The US government has been trying to prevent the release of a trove of photos of detainee treatment after reports of abuses as US-run facilities like the notorious Abu Ghraib prison made headlines starting in 2003. Those stories were illustrated with a handful of photos, some of which have become nearly iconic symbols of an abusive military presence abroad.
In 2004 the American Civil Liberties Union filed the lawsuit demanding the release of a trove of photos related to the abuses, and now counts this as a victory. In 2009, then Sen. Joe Lieberman (D-Conn.) indicated that there were nearly 2,100 more photos in existence relating to detainee abuse.
"The photos are crucial to the public record," Jameel Jaffer, the ACLU's deputy legal director said in a statement. "They're the best evidence of what took place in the military's detention centers, and their disclosure would help the public better understand the implications of some of the Bush administration's policies."
Manhattan Judge Alvin Hellerstein gave the Department of Defense 60 days to decide whether to appeal the decision.
Hellerstein's first opinion on the matter — ordering the photos' and videos' release — actually came a decade ago, in 2005. That decision was also upheld on appeal.

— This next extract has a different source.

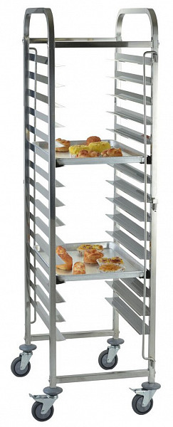 Тележка для противней VIATTO RT6415 используется для хранения и транспортировки противней и подносов на предприятиях общественного питания и торговли. Корпус выполнен из нержавеющей стали.

— Human Rights Watch (@hrw) January 5, 2015
But in response to urging from then Iraqi President Nuri al-Maliki, who warned further images would cause unrest in his country, Congress passed a law allowing images to be kept secret if the Secretary of Defense deemed their release would endanger American lives abroad.
In August 2014, however, Hellerstein ruled that not only had the government failed to prove that the photos' release would endanger Americans, but that the government had decided, inappropriately, to withhold all the photos as a group, instead of evaluating them individually.
"During the course of this litigation, I have reviewed some of these photographs and I know that many of these photographs are relatively innocuous while others need more serious consideration," Hellerstein said in that decision.
However, Hellerstein allowed the government a chance to submit more evidence to convince him of the law's validity and potential threat. This decision concludes that they have failed to do that.
If the government complies and releases the photos, the images will be in a redacted form to remove faces and identifying features.